Getting Started with 1xBTS
The fastest path is to install the native dependencies, clone the repo, start the support services, and run the network-in-a-box launcher. On Ubuntu or Debian, the repo lists build-essential, pkg-config, protobuf-compiler, libssl-dev, libclang-dev, and libre-dev as common prerequisites.
sudo apt-get update
sudo apt-get install -y build-essential pkg-config protobuf-compiler libssl-dev libclang-dev libre-dev
git clone https://github.com/chrismoos/1xbts.git
cd 1xbts
docker compose up -d
cargo run --release -p cdma-nib --no-default-features --features bladerf-backend -- --config-dir config --radio-config config/radio_bladerf_micro2.json
After those commands finish, PostgreSQL and the dashboard come up through Docker Compose, and the launcher starts the protocol nodes in a single process. If port 3000 is already taken, set ONEXBTS_WEB_PORT=3001 before launching the dashboard.

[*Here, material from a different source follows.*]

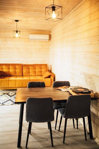 В стоимость аренды дома входит: мангальная зона (угли, розжиг, решетка и шампура входят в стоимость), собственная терраса у дома, виниловый проигрыватель с коллекцией пластинок, проектор и экран с кинотекой семейных фильмов, общая костровая зона для посиделок в кресле с чаем, просторная гостиная с уютным диваном, который становится дополнительным спальным местом.

For local tuning, add sibling *.local.json files next to the base configs so you can override radio parameters without touching shared defaults.
Verdict
1xBTS is the strongest option for CDMA2000 1x lab bring-up when you need a single Rust codebase that covers radio, core, SMS, packet data, and voice. Its biggest strength is the full node model; its caveat is experimental hardware support and lack of production hardening. Use it for authorized research labs, not live networks.